Я первый проснулся. Все вокруг страшно, грозно и жутко потемнело, а зелень болотного кустарника качалась и отливала серой сталью. Все небо обложили громоздкие лиловые и фиолетовые тучи с разорванными серыми краями. Начинал вдали глухо ворчать гром. Я заторопился.
– Ну, Яков, домой. Дай бог добраться. Ходу!
Но, сойдя с острова, возвышавшегося среди болота, мы тотчас же заблудились и стали без толку бродить зигзагами по кустарнику, отступая в сторону от рек, обходя трясины и густые чащобы, теряя друг друга, спеша, путаясь и сердясь.
Стало уже совсем темно, и гром рокотал еще далеко, но уже не затихая ни на мгновение, когда Яков, шедший впереди и казавшийся мне издали темным, длинным, неясным, шатающимся столбом, друг крикнул:
– Есть дорога!
Да, это была узкая, болотная дорога, кое-где укрепленная поперек хворостом, со следами лошадиного помета.
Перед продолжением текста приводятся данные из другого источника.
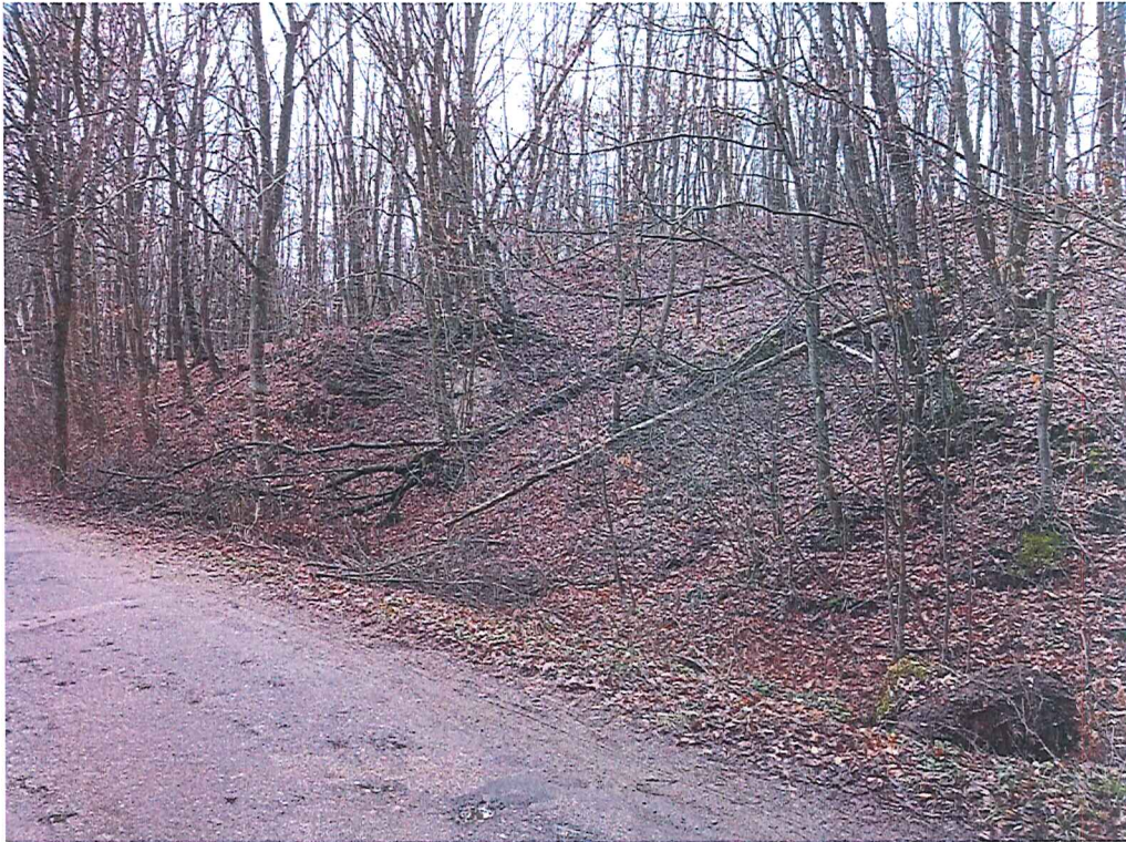
Fot. 4 Widok na wycinek terenu zagrożonego ruchami masowymi ziemi z drogi powiatowej nr 2102Z.

И к нашей радости, мы тотчас услыхали невдалеке стук телеги. Быстро-быстро, совсем заметно для глаза, надвигалась тьма. Только на западе, низко над землей, рдела узкая длинная кровавая полоса, отороченная сверху тесьмой из расплавленного золота.
Подъехала телега. В ней сидело двое: баба правила, дергая локтями и вытянув прямо перед собою ноги, как умеют сидеть только деревенские женщины, а старик, немного хмельной, дремал позади. Он проснулся, когда испугавшаяся нас лошадь стала храпеть, артачиться и боком лезть в болото. Мы стали расспрашивать старика про дорогу на Бурцево. Но он тянул и мямлил:
– На Бурцево вам, милые? А вы сами-то чьи будете?
– Ничьи. Из Демцына. От Николая Всеволодыча.
– Знаем, знаем. Только вы, милые, не туда идете. Вам надо податься сейчас во-он куда, прямо на восход. Прямо по стрелябии. Вы что же, рендатели будете в Демцыне?
– Нет, я проезжий, родич демцынскего барина.
– А, так, так, так… Сродственник, значит? До Бурцева вам эвона прямо куда. Так прямо по стрелябии и вдаряйте. С охотой, значит, ходили?..
Но мы не успели ответить. Из кустов послышалось пугливое коканье, хлопанье мощных крыльев, и шагах в десяти от нас с шумом поднялся большой тетеревиный выводок, чернея на алой полосе зари. Мы с Яковом почти одновременно выстрелили, не целясь, раз за разом из обоих стволов и, конечно, промахнулись. А телега уже мчалась от нас, прыгая и кося боками на ухабах. Напрасно мы бежали за ней, крича старику остановиться. Он без шапки, стоя нахлестывал кнутом лошаденку, длинный, тощий, несуразный, и, со страхом оборачиваясь назад, кричал что-то злым шамкающим голосом.